• [Aim of the task] In the data below, find the line containing "It is amazing" and the line containing "Murale marki Wonderwall", then reproduce them and every line between, exactly. Omit pictures.

• [Records shown]
== Segment start ==

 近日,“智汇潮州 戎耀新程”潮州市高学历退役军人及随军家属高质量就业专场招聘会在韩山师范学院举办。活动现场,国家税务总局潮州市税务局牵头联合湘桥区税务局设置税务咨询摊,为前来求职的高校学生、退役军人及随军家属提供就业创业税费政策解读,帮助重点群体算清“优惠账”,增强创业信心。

== Segment end ==
== Segment start ==

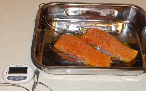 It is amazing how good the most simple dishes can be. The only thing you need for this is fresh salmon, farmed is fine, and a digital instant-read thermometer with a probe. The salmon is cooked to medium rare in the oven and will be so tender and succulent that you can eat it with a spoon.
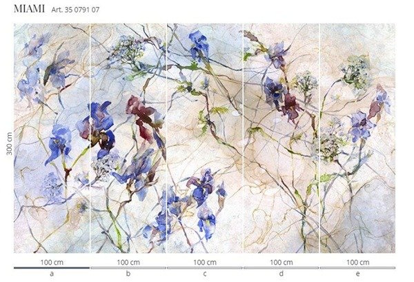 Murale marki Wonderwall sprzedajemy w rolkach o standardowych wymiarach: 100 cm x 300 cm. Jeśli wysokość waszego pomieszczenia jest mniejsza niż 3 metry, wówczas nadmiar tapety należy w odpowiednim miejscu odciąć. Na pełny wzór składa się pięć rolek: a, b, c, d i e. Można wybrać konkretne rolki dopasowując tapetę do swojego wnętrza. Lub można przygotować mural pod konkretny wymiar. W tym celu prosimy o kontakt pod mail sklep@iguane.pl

== Segment end ==
== Segment start ==

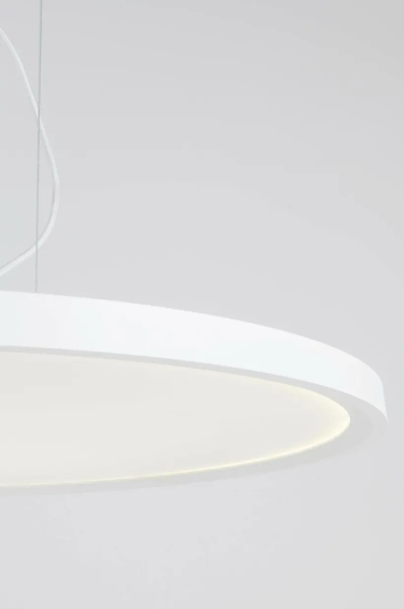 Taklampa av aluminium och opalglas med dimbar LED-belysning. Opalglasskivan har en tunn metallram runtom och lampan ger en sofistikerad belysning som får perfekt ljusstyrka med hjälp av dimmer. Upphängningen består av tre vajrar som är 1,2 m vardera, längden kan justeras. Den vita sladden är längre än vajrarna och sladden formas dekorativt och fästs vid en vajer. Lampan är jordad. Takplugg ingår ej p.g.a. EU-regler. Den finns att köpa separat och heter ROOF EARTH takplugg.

== Segment end ==

• [Solution to this problem]
 It is amazing how good the most simple dishes can be. The only thing you need for this is fresh salmon, farmed is fine, and a digital instant-read thermometer with a probe. The salmon is cooked to medium rare in the oven and will be so tender and succulent that you can eat it with a spoon.
 Murale marki Wonderwall sprzedajemy w rolkach o standardowych wymiarach: 100 cm x 300 cm. Jeśli wysokość waszego pomieszczenia jest mniejsza niż 3 metry, wówczas nadmiar tapety należy w odpowiednim miejscu odciąć. Na pełny wzór składa się pięć rolek: a, b, c, d i e. Można wybrać konkretne rolki dopasowując tapetę do swojego wnętrza. Lub można przygotować mural pod konkretny wymiar. W tym celu prosimy o kontakt pod mail sklep@iguane.pl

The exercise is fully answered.